Debate Over The Atomic Bombings of Hiroshima and Nagasaki - Support - Part of Total War

Part of Total War

Supporters of the bombings have argued the Japanese government had promulgated a National Mobilization Law and waged total war, ordering many civilians (including women and children) to work in factories and military offices and to fight against any invading force. Father John A. Siemes, professor of modern philosophy at Tokyo's Catholic University, and an eyewitness to the atomic bomb attack on Hiroshima wrote:

"We have discussed among ourselves the ethics of the use of the bomb... It seems logical to me that he who supports total war in principle cannot complain of war against civilians."

This point of view was contradicted 7 December 1963 by the Tokyo District Court: "Accordingly, it is wrong to say that the distinction between military objective and non-military objective has gone out of existence because of total war.".

Supporters of the bombings have emphasized the strategic significance of the targets. Hiroshima was used as headquarters of the Fifth Division and the 2nd General Army, which commanded the defense of southern Japan with 40,000 military personnel in the city. Hiroshima was a communication center, an assembly area for troops, a storage point and had several military factories as well. Nagasaki was of great wartime importance because of its wide-ranging industrial activity, including the production of ordnance, ships, military equipment, and other war materials.

An article published in the International Review of the Red Cross notes that, with respect to the "anti-city" or "blitz" strategy, that "in examining these events in the light of international humanitarian law, it should be borne in mind that during the Second World War there was no agreement, treaty, convention or any other instrument governing the protection of the civilian population or civilian property." While it is true there was no general protection, the Hague Conventions did prohibit the targeting of undefended civilians. The Blitz was not one of the charges against Hermann Göring, commander of the Luftwaffe, at the Nuremberg Trials.
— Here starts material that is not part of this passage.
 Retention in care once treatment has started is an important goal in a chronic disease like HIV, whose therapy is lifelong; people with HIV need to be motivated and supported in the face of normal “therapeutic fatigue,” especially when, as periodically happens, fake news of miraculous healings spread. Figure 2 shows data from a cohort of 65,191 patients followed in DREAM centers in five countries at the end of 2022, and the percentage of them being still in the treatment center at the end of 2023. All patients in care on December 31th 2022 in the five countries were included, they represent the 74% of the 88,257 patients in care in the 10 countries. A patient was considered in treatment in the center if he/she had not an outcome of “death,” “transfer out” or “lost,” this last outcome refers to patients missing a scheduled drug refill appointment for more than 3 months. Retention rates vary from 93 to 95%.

On 30 June 2007, Japan's defense minister Fumio Kyuma said the dropping of atomic bombs on Japan by the United States during World War II was an inevitable way to end the war. Kyuma said: "I now have come to accept in my mind that in order to end the war, it could not be helped (Shikata ga nai) that an atomic bomb was dropped on Nagasaki and that countless numbers of people suffered great tragedy." Kyuma, who is from Nagasaki, said the bombing caused great suffering in the city, but he does not resent the U.S. because it prevented the Soviet Union from entering the war with Japan. Kyuma's comments were similar to those made by Emperor Hirohito when, in his first ever press conference given in Tokyo in 1975, he was asked what he thought of the bombing of Hiroshima, and answered: "It's very regrettable that nuclear bombs were dropped and I feel sorry for the citizens of Hiroshima but it couldn't be helped (Shikata ga nai) because that happened in wartime."
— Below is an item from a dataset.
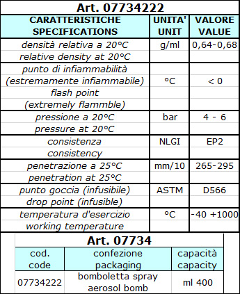 Lubricant GRASSO AL RAME (COPPER GREASE) made of super-fine foliated copper particles and corrosion inhibitors.Resistance to high temperature (1000°C with peaks of 1100°C), high adhesive capacity and anti-corrosion power. Suitable for pins in motor exhausts, threaded connections, injection valves, etc. Light brown/orange/copper color, characteristic solvent odor, in 400 ml spray bomb.

Nagasaki mayor Tomihisa Taue protested against Kyuma, and Prime Minister Shinzo Abe apologized over Kyuma's remark to Hiroshima A-bomb survivors. In the wake of the outrage provoked by his statements, Kyuma had to resign on 3 July.
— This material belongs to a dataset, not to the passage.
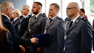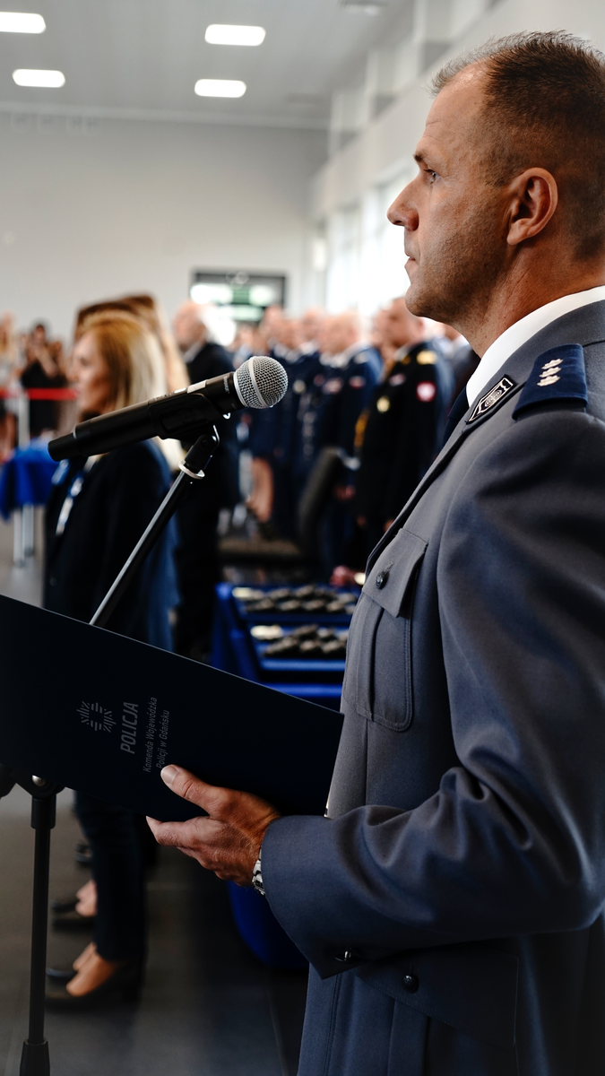 Na ceremonii obecny był Wojewoda Pomorski p. Dariusz Drelich, który razem z Komendantem Wojewódzkim Policji w Gdańsku wręczyli funkcjonariuszom legitymacje służbowe oraz listy gratulacyjne.

In early July, on his way to Potsdam, Truman had re-examined the decision to use the bomb. In the end, Truman made the decision to drop the atomic bombs on Japan. His stated intention in ordering the bombings was to bring about a quick resolution of the war by inflicting destruction, and instilling fear of further destruction, sufficient to cause Japan to surrender.

In his speech to the Japanese people presenting his reasons for surrender, the Emperor referred specifically to the atomic bombs, stating if they continued to fight it would result in "...an ultimate collapse and obliteration of the Japanese nation..." In his Rescript to the Soldiers and Sailors, delivered on 17 August, however, he focused on the impact of the Soviet invasion, omitting any reference to the atomic bombings.

Commenting on the use of the atomic bomb, then-U.S. Secretary of War Henry L. Stimson stated "The atomic bomb was more than a weapon of terrible destruction; it was a psychological weapon."